> _HOW TO COMPLETE THIS TASK_
Copy the records below exactly as they stand. Leave out the pictures.

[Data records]
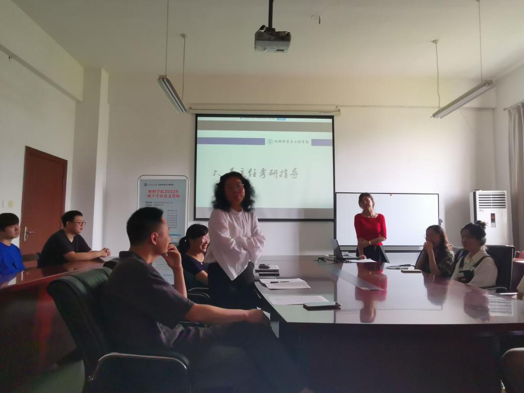 谭海英老师建议同学们在备考过程中有任何问题随时与老师联系,畅通信息沟通渠道,助力学生考研成功。朱宗明老师从专业的角度对考研院校选择给予了指导,并表示希望同学们不扎堆报考,多看多对比,选择自己适合的院校。高分子系主任左丹英老师给同学们提出两点建议:一是要对材料专业有信心,材料方向就业前景良好,希望同学们能够在本专业深耕发展;二是要慎重跨考,认真分析了跨考的风险和难度,引导同学们认真选择报考专业和报考学校。
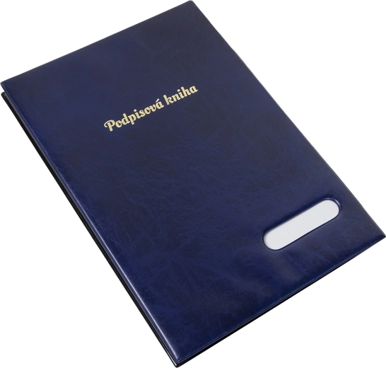 Élégant livre de signatures bleu qui garde vos documents toujours bien organisés et en sécurité. Grâce à sa surface brillante, son dos en toile flexible et ses 14 feuilles séparatrices, il offre une protection fiable et une organisation facile.
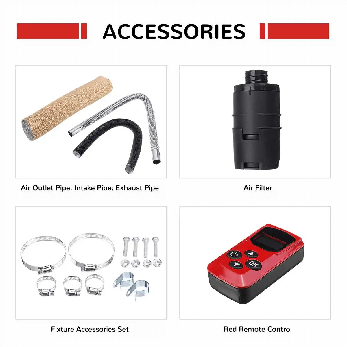 Посылка включает в себя:1 x парковочный обогреватель (ЖК-термостат)1 x красный пульт дистанционного управления (батарейки в комплект не входят)1 х воздуховодная труба1 х впускная труба1 х выхлопная трубаНабор аксессуаров для крепления-1 шт.
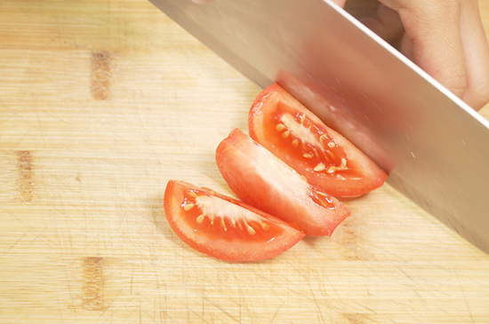 1、洋葱切片,西红柿切块,将牛排拿出静置在厨房纸上10分钟,加入微量的盐,
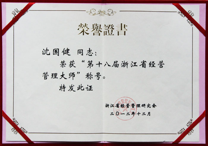 沈国健董事长荣获“第十八届浙江省经营管理大师”荣誉称号

> _EXERCISE OUTPUT_
 谭海英老师建议同学们在备考过程中有任何问题随时与老师联系,畅通信息沟通渠道,助力学生考研成功。朱宗明老师从专业的角度对考研院校选择给予了指导,并表示希望同学们不扎堆报考,多看多对比,选择自己适合的院校。高分子系主任左丹英老师给同学们提出两点建议:一是要对材料专业有信心,材料方向就业前景良好,希望同学们能够在本专业深耕发展;二是要慎重跨考,认真分析了跨考的风险和难度,引导同学们认真选择报考专业和报考学校。
 Élégant livre de signatures bleu qui garde vos documents toujours bien organisés et en sécurité. Grâce à sa surface brillante, son dos en toile flexible et ses 14 feuilles séparatrices, il offre une protection fiable et une organisation facile.
 Посылка включает в себя:1 x парковочный обогреватель (ЖК-термостат)1 x красный пульт дистанционного управления (батарейки в комплект не входят)1 х воздуховодная труба1 х впускная труба1 х выхлопная трубаНабор аксессуаров для крепления-1 шт.
 1、洋葱切片,西红柿切块,将牛排拿出静置在厨房纸上10分钟,加入微量的盐,
 沈国健董事长荣获“第十八届浙江省经营管理大师”荣誉称号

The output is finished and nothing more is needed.